The New CIO Leader’s Top Priorities

The New CIO Leader: setting the agenda and delivering results (Harvard Business Press, 2005) by Marianne Broadbent (Associate Dean, Melbourne Business School & Gartner Fellow) and Ellen Kitzis (Group Vice President, Gartner Executive Programs) remains one of my favourite modern IT management books. This was one of the early books to challenge conventional IT management wisdom and proposes principles, maxim and rules of modern CIO engagement with business. 

Ever a ready reference in my library, I was browsing through this over the weekend and could not resist listing “Ten New Priorities for the new CIO Leader”, here in my blog. Hopefully serves the purpose of ready reference for people in my network and my blog readers. 

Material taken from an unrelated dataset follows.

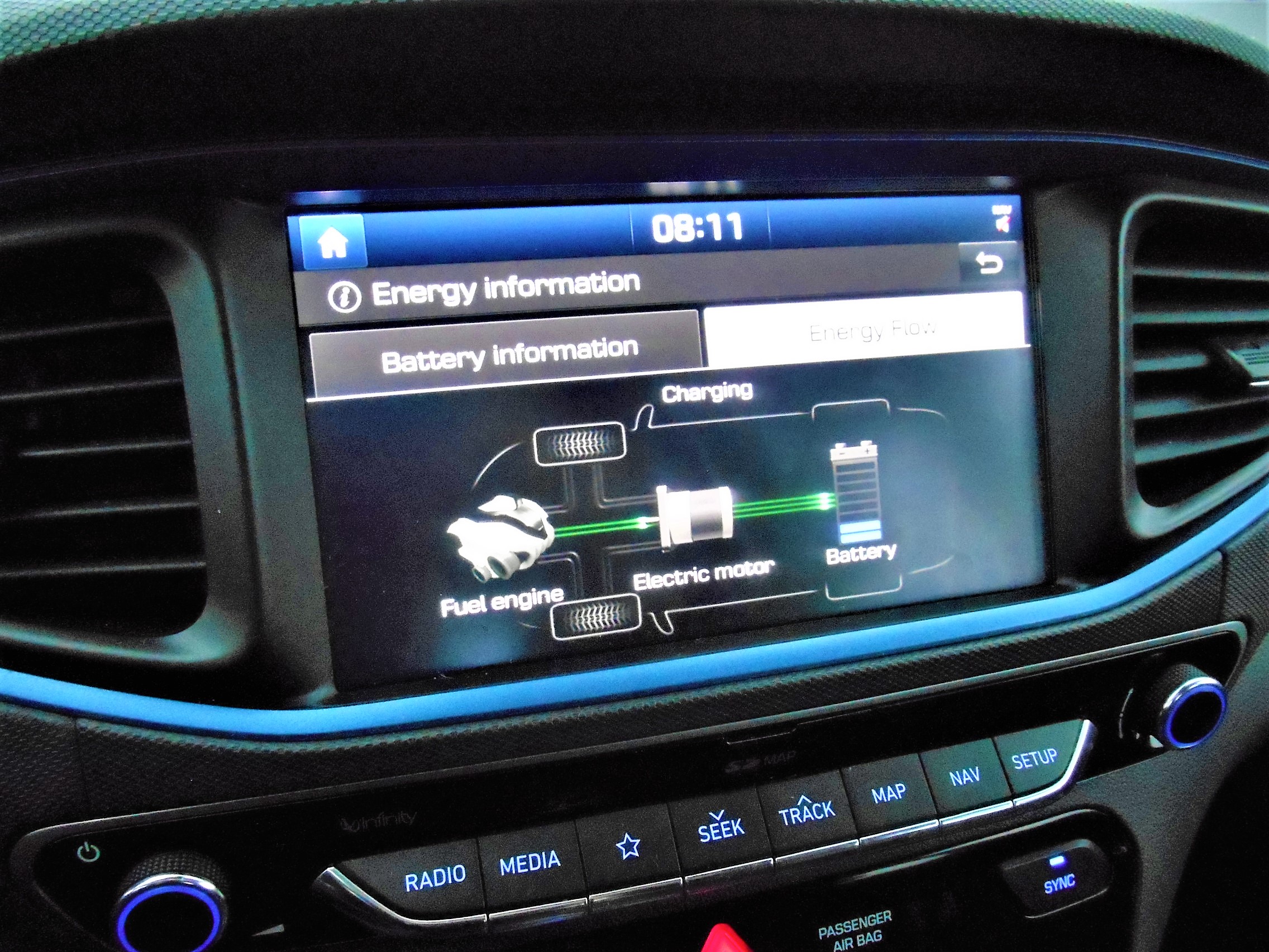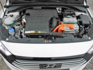 V vmesnem obdobju je dobro, če električnemu motorju pomaga bencinski pogonski stroj, kajti njuno sodelovanje zagotavlja precej velik doseg, hkrati pa tudi krajše razdalje, ki jih avtomobil lahko premaga zgolj z elektriko. Z enim polnjenjem baterije (na običajnem gospodinjskem omrežju traja dve uri in četrt, na hitrih polnilnicah pa 80 odstotkov zmogljivosti pridobi v dvajsetih minutah) priključno hibridni Ioniq lahko na elektriko prevozi do 63 kilometrov, a na zmanjšanje dosega vpliva kar nekaj neugodnih dejavnikov, med drugim tudi nizke temperature. Ko 44-kilovatni sinhronski električni motor nima več energije, nastopi 1,6-litrski atmosferski bencinski štirivaljnik, ki poskrbi, da je avtomobil dovolj hiter. V idealnih okoliščinah in ob primerno zmerni vožnji je poraba bencina teoretično le dober liter na 100 prevoženih kilometrov, izpusti toplogrednih plinov pa so vzorno nizki. Seveda je veliko odvisno tudi od tega ali se voznik odloči, da bo varčeval in pritisnil stikalo za ekonomično vožnjo, ali mu je ljubši športni program za več vozne dinamike, realnost pa je takšna, da je za 100 kilometrov poti dovolj nekaj kapel manj kot štiri litre. Zmogljivosti so popolnoma zadostne za zgledno avtocestno potovanje in način upravljanja je prilagojeno lahkoten za vožnjo v gostem mestnem prometu.
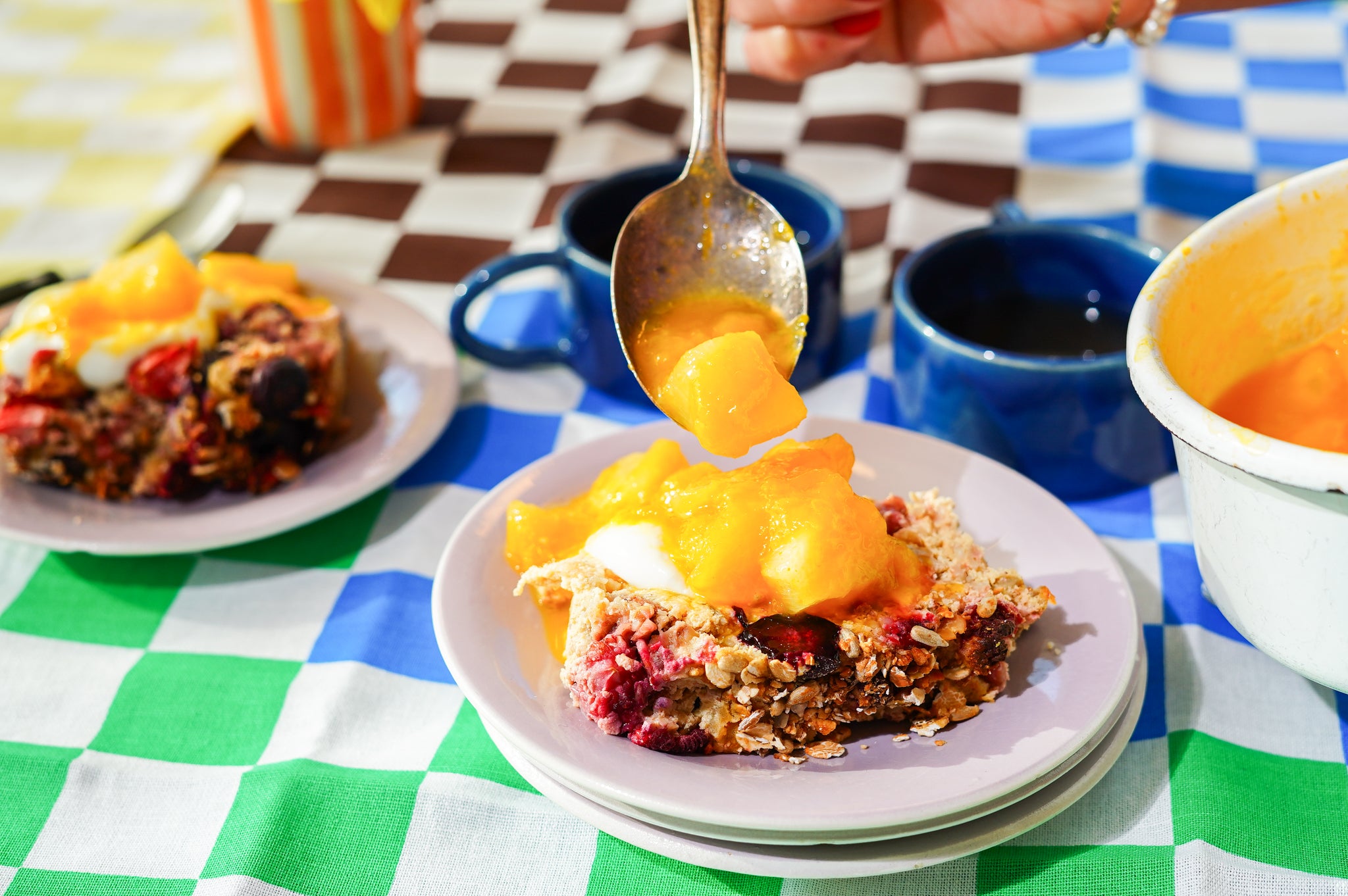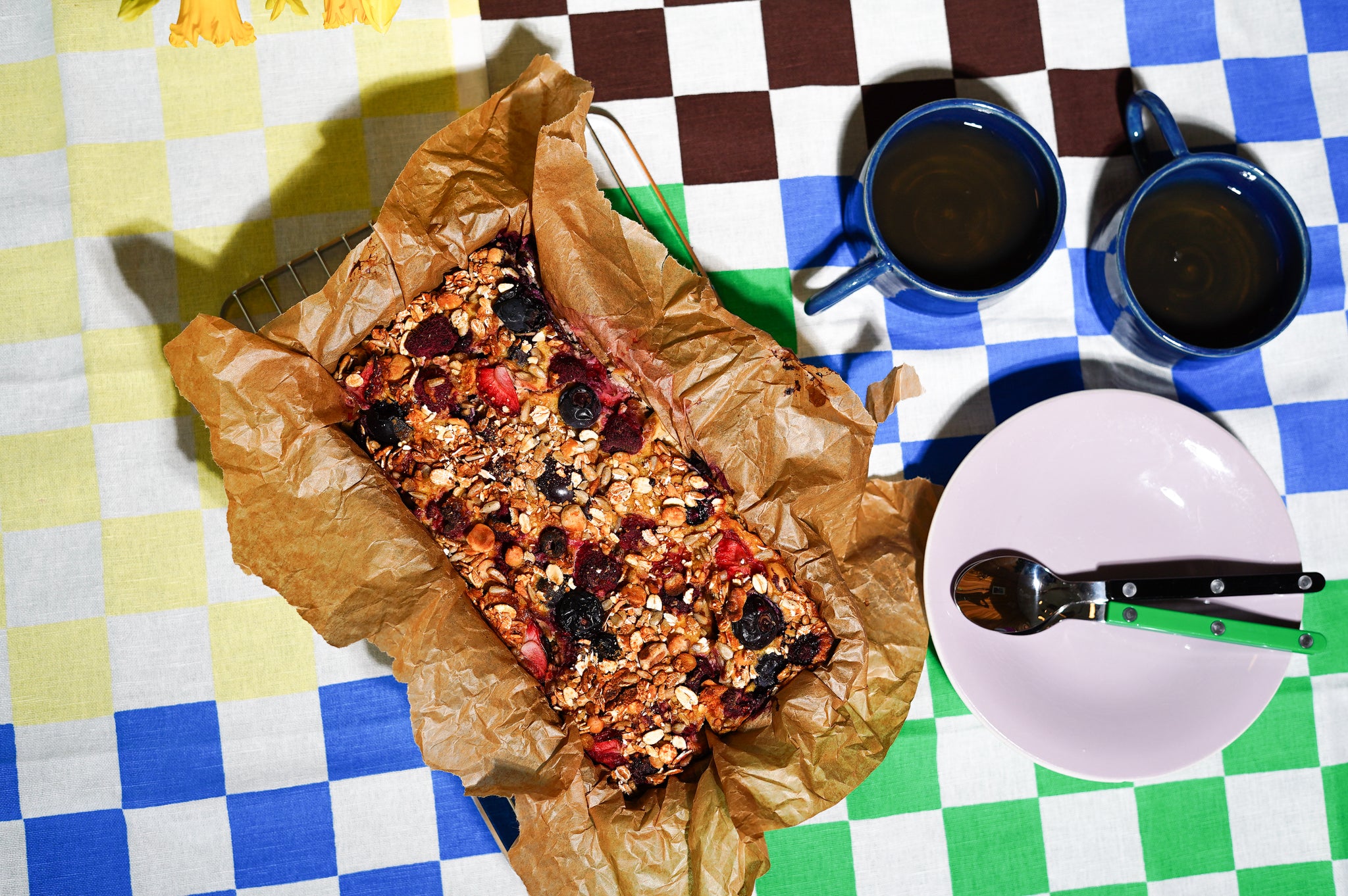 Giet het gemixte beslag over de granola.

Lead, don’t just manage – Leadership and management are not the same; they are complementary. A modern CIO needs to both manage and lead with personal vision and a point of view about how information and IT can make your enterprise more effective.

Understand the fundamentals of your environment – The new CIO leader knows the industry and competitive environment. 

Create a vision for how IT will build your organisation’s success – Ability to envision how to better IT-enable the business. 

Shape and inform expectations for an IT-enabled enterprise – Heart of the modern CIO role; work closely with business colleagues to identify key business needs, strategies, and drivers then articulate the IT guidelines. 

Create clear and appropriate IT governance – Effective governance enables the modern CIO to weave together business and IT strategies.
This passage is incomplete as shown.